73. Then Friend
THEN: FRIEND
It could be said that we improved Jade’s life, but the truth of it was that she improved ours.
Avery was my only friend before Jade. I loved my sister endlessly, but there were secrets separating us.
Our easy bond from childhood had thinned after her marriage, though we remained devoted to each other.
She never admitted to Ilsit being her lover, and I had never admitted to Thane being mine.
And Thane had been my friend, but that had all been undone.
I realized I had expected much of Avery, to be both my partner and my friend, and he had shouldered that responsibility well.
I felt that Jade’s friendship to both of us made us better partners to each other. He had someone to try out his humor on and someone else who did not believe in Rodwin, one other soul to whom he did not have to speak with caution. And I had my first female friend.
I like to think we made up for these gifts with what we gave her.
Her feet were roughly the size of mine, and I gave her a pair of my boots.
I took two dresses, two shifts, and a set of stays from my trunk and gave them to her along with hair pins, a comb that was better than the one she had, and an apron made of thin, tanned leather with large pockets that Magda had worn.
I could not bring myself to wear it after she died and had hung it on a hook in the front room and forgotten about it.
Avery made Jade a nail file to better keep her fingernails, which she had bitten down to the quick.
And he gave her a set of knives of several sizes, from small enough to pry open her mussels to large enough to gut a fat fish.

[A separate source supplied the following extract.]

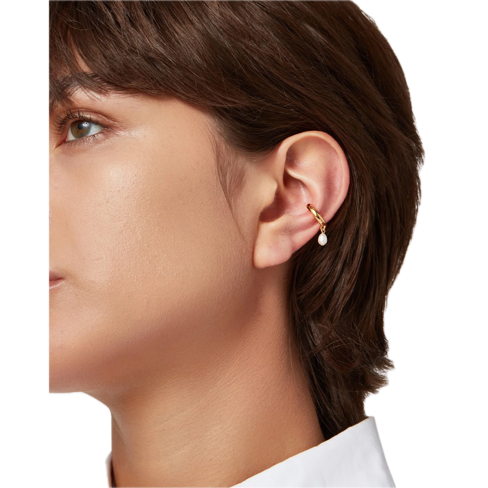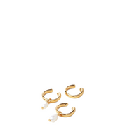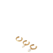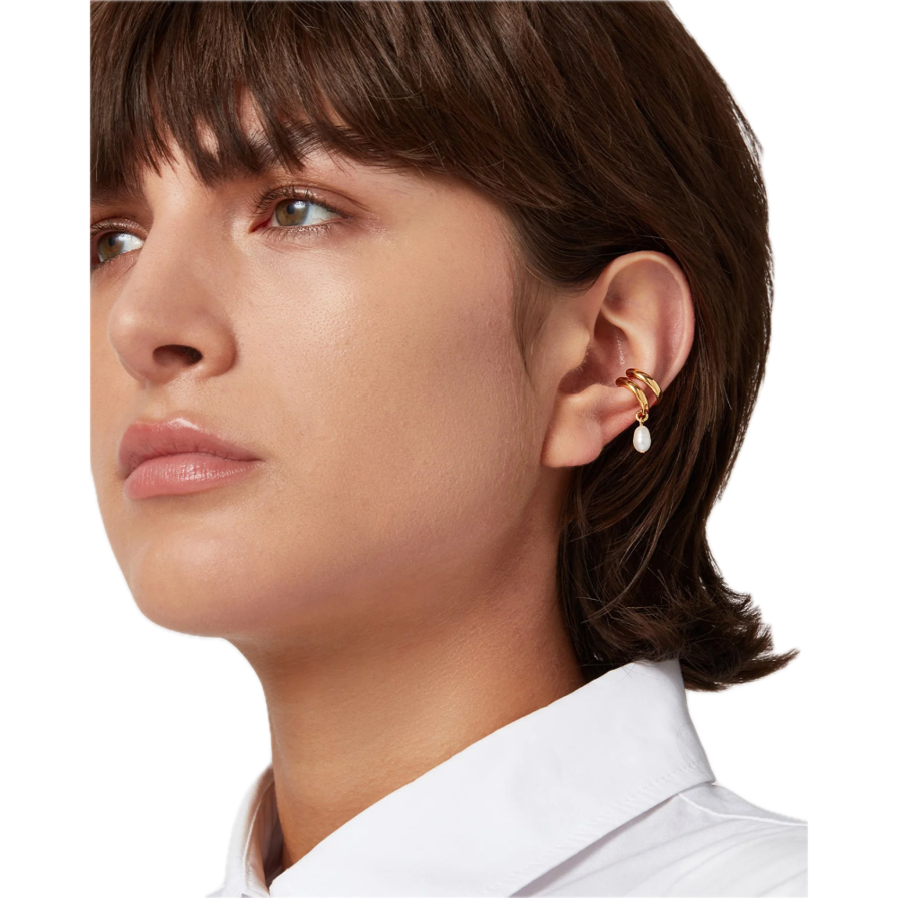 A set of three ear cuffs featuring one single gold ear cuff and two with freshwater pearls. Organic and hand formed, these cuffs are malleable and designed to be opened up or squeezed tight to fit your ear shape. Finished in high-polish gold.

They were trinkets compared to the joy she brought with her into our house along with nearly daily fish and the occasional bucket of mussels.
She had traded regularly with the tinkers, had even spent some nights camping with them over the winters.
She once explained to me that as a child, they had tried to adopt her, absorb her into their fold.
But by the time she had taught herself all the footpaths in and around Nyossa, she had already made a life of some comfort for herself in her old shed.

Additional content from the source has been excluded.